Sometimes I feel regret for not having done something sooner…
And this will be common sense to some, but for me I need to remind myself, that sometimes the stars need to align just right for you to get a thing done that you’ve been meaning to do, and I think that’s okay. Maybe it was meant to be done later, you know?
Maybe you needed to have all the pent up energy for it to just happen one day, like a sort of mini explosion.
I mean, usually I’d say you need a series of ritualistic actions that you need to force yourself to do on a regular basis in order to get anything done, because you’ll never FEEL like going for a run, or breaking a bad habit, or getting out of that relationship for good…you’ll never FEEL like doing anything out of your comfort zone, ever.
Hugh Laurie said “It’s a terrible thing, I think, in life to wait until you’re ready. I have this feeling now that actually no one is ever ready to do anything”,
But now I’m thinking…
Maybe forcing yourself could end up in a series of failures that aren’t really failures…you’re just not quite ready. In which case, I think it’s okay to wait until you ARE ready, by just moving more slowly in that direction.
Waiting for the right circumstances is natural and inevitable. It’s happened all my life. It happened yesterday,
I picked up some oil paintings for the first time and I mean wow, it was fun.

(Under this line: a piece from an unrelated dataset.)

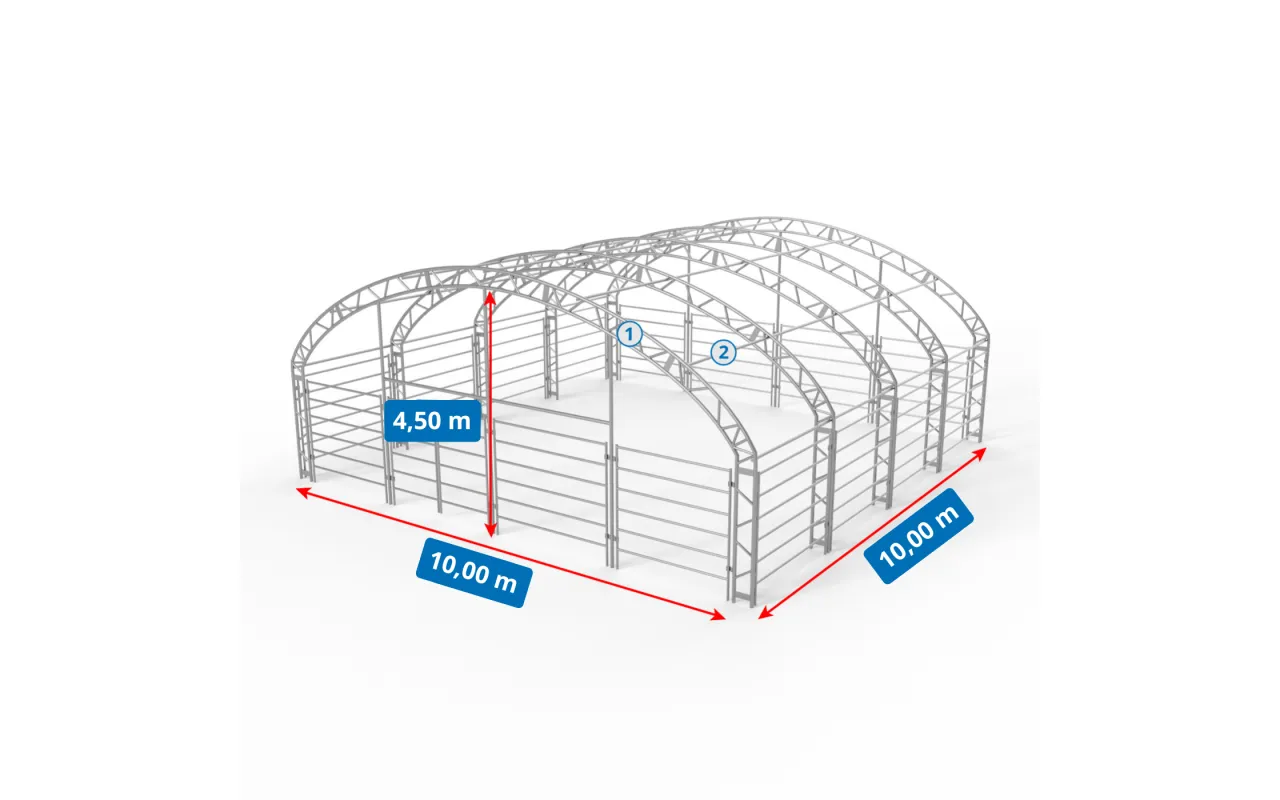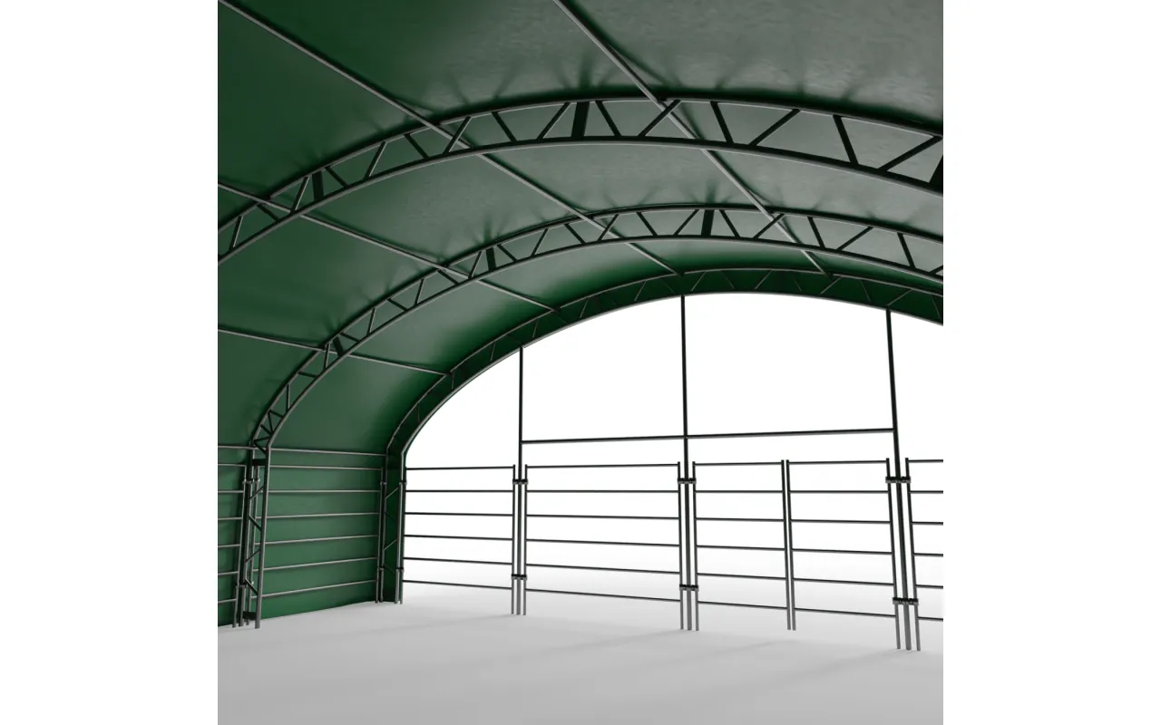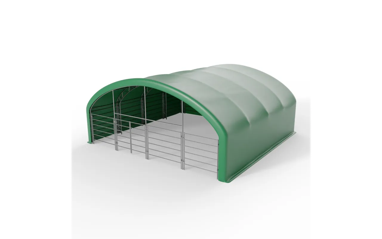Prístrešok pre zvieratá 10x10 m je moderné stanové riešenie pre stabilné podmienky chovu a bezpečnosť zvierat. Vďaka dvojitej priehradovine poskytuje vyššiu tuhosť a odolnosť, čo z nej robí vhodnú voľbu pre poľnohospodárskych podnikov, chovné strediská aj súkromné hospodárstva. Plachta PVC plachta s gramážou 750 g/m² spoľahlivo chráni pred dažďom, vetrom a ostrým slnkom, takže zvieratá majú úkryt v každom počasí. Žiarovo zinkované oceľové prvky predlžujú životnosť a zvyšujú odolnosť voči vonkajším vplyvom. Rýchla montáž umožňuje nasadenie pre dobytok, ovce, kozy, kone, alpaky aj hydinu; k dispozícii je priestor na výbeh, pasenie a oddych – požiadajte o ponuku.

I was pushed over the edge to finally try it because of three things that happened simultaneously:
- An abstract artist recommended a documentary on Basquiat. He was a 20-something year old whose paintings sell for millions now, who hammered out hundreds of paintings a year while moving to music, painting not exactly what he saw but how he was feeling. He made it look fun, effortless, natural, and most poignant of all to me…doable.
- Then conveniently my Dad found a bunch of blank canva’s & oil paints in the spare room, which he was about to throw out.
- Plus I had some empty hooks and spaces on my walls.
It was time. The time had come.
And so, on a particularly sunny day off from work, I got up early and gave life to these two:
Oil on canvas – 24/01/19, James Baldwin & Nina Simone, 2+3 hours
It’s perfectly what I had in mind, which for me is an absolute win. Turns out I knew more than I thought I did about painting with oils.
Which is another thing I think translates across all elements of life…most of the time, you know more than you think you do and you’re capable of more than you think you are capable of.
But I’d been moving in that sort of direction for a while…I’d been going to more art events, talking to more artists, had sorted out my art supplies and cleaned up my desk…heck, I’d even cleaned up this website.
I’ve been stressing about having nothing to show in my portfolio, but I’m starting to see that I just wasn’t quite ready. Like plantain or pears. I wasn’t quite ripe.
I have been getting ready, though.
And going slowly, while keeping it in mind, and all those previous failed attempts…added up to a thing that I have now finally done.
Very cool. Awesome. Note to self: you’re doing good. Keep at it.